A.S.W. Rosenbach owes his sobriquet ” the Doctor” or “Dr. R” to his 1901 Ph.D. from Penn. Here are the 1901 graduates processing down Broad Street. Dr. Rosenbach is at the very front of the line, near the lower right corner.
We do have a U.Penn doctoral hood from Dr. R, but it is edged with brown velvet, which indicates that it is from his 1927 honorary Doctor of Fine Arts degree, rather than his earned Ph.D. (In accordance with an intercollegiate agreement, liberal arts hoods are edged in white, fine arts in brown).
Another of his honorary degrees came from the Jewish Theological Seminary, Amherst, in 1945 and we also have his hood from that event.
But when it came to number of degrees, Dr. Rosenbach couldn’t hold a candle to Marianne Moore. Here she is in academic dress during her first year at Bryn Mawr (from which she graduated in 1909).

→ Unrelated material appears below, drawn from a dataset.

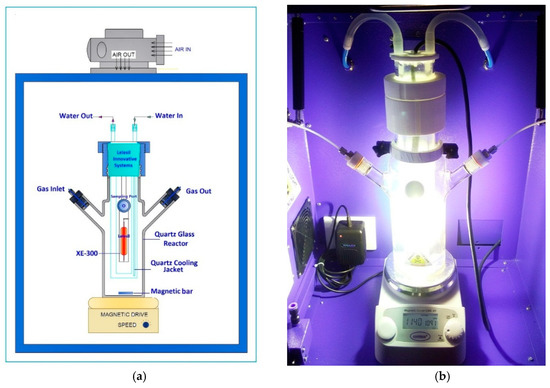 (a) Schematic and (b) photograph of the reactor used for photocatalytic H2 production.
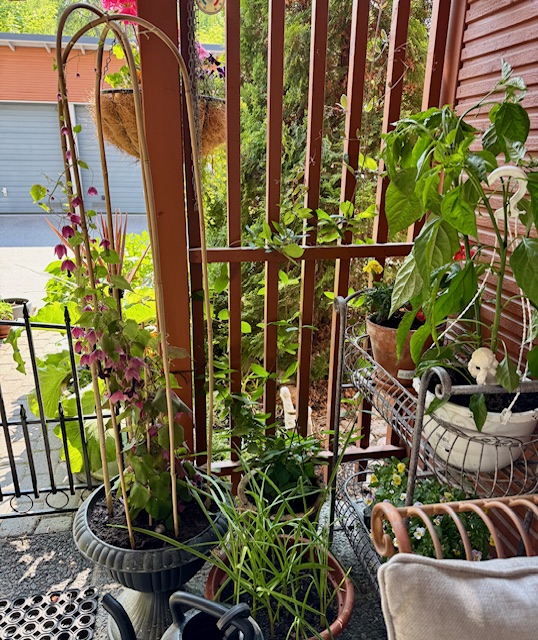 Yläkerran parvekkeella viihtyvät vain varjon kasvit. Ruukuissa on verililjoja, muratti ja silkkihurmeheinää.

Beyond her earned bachelor’s degree, Moore would accumulate sixteen honorary degrees–her friend Elizabeth Bishop recalled that “she once modeled her favorite academic hoods for me.” The first to honor her was Wilson College, which gave her a Litt.D. in 1949.
Among her many other honorary degrees were Dickinson (1952)
Washington University in St Louis (1967)
and Princeton in 1968
We also have one doctoral robe for her, which we think is probably from NYU in 1967, when she was awarded the Doctor of Letters degree.